To see an example of input file, refer to this JSON.
Usage: tarentula tagging-by-query [OPTIONS] JSON_PATH
Options:
--datashare-project TEXT Datashare project
--elasticsearch-url TEXT Elasticsearch URL which is used to perform
update by query
--throttle INTEGER Request throttling (in ms)
--cookies TEXT Key/value pair to add a cookie to each
request to the API. You can
separatesemicolons: key1=val1;key2=val2;...
--apikey TEXT Datashare authentication apikey
--traceback / --no-traceback Display a traceback in case of error
--progressbar / --no-progressbar Display a progressbar
--wait-for-completion / --no-wait-for-completion
Create a Elasticsearch task to perform the
updateasynchronously
--help Show this message and exit
You can list the metadata from the mapping, optionally counting the number of occurrences of each field in the index, with the --count
parameter. Counting the fields is disabled by default.
It includes a --filter_by
parameter to narrow retrieving metadata properties of specific sets of documents. For instance it can be used to get just emails related properties with: --filter_by "contentType=message/rfc822"
$ tarentula list-metadata --help
Usage: tarentula list-metadata [OPTIONS]
Options:
--datashare-project TEXT Datashare project
--elasticsearch-url TEXT You can additionally pass the Elasticsearch
URL in order to use scrollingcapabilities of
Elasticsearch (useful when dealing with a lot
of results)
--type [Document|NamedEntity] Type of indexed documents to get metadata
--filter_by TEXT Filter documents by pairs concatenated by
coma of field names and values separated by
=.Example "contentType=message/rfc822,content
Type=message/rfc822"
--count / --no-count Count or not the number of docs for each
property found
--help Show this message and exit.
You can run aggregations on the data, the ElasticSearch aggregations API is partially enabled with this command. The possibilities are:
- count: grouping by a given field different values, and count the num of docs.
- nunique: returns the number of unique values of a given field.
- date_histogram: returns counting of monthly or yearly grouped values for a given date field.
- sum: returns the sum of values of number type fields.
- min: returns the min of values of number type fields.
- max: returns the max of values of number type fields.
- avg: returns the average of values of number type fields.
- stats: returns a bunch of statistics for a given number type fields.
- string_stats: returns a bunch of string statistics for a given string type fields.
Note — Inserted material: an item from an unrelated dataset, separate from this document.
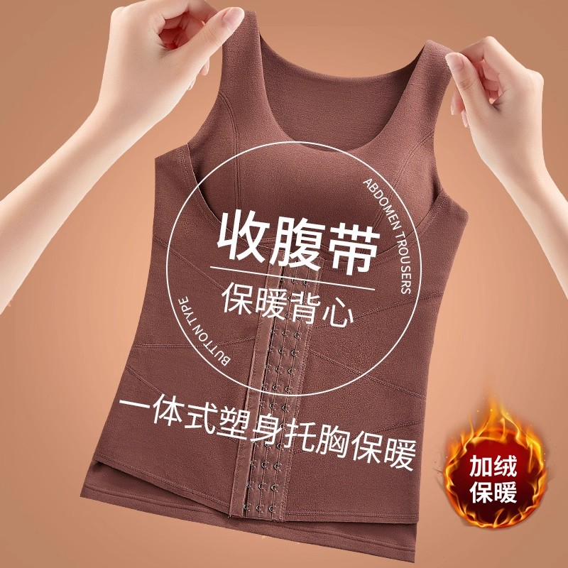 加绒加厚保暖背心收腹内衣带文胸一体塑身衣红色德绒内搭美体发热

$ tarentula aggregate --help
Usage: tarentula aggregate [OPTIONS]
Options:
--apikey TEXT Datashare authentication apikey
--datashare-url TEXT Datashare URL
--datashare-project TEXT Datashare project
--elasticsearch-url TEXT You can additionally pass the Elasticsearch
URL in order to use scrollingcapabilities of
Elasticsearch (useful when dealing with a
lot of results)
--query TEXT The query string to filter documents
--cookies TEXT Key/value pair to add a cookie to each
request to the API. You can
separatesemicolons: key1=val1;key2=val2;...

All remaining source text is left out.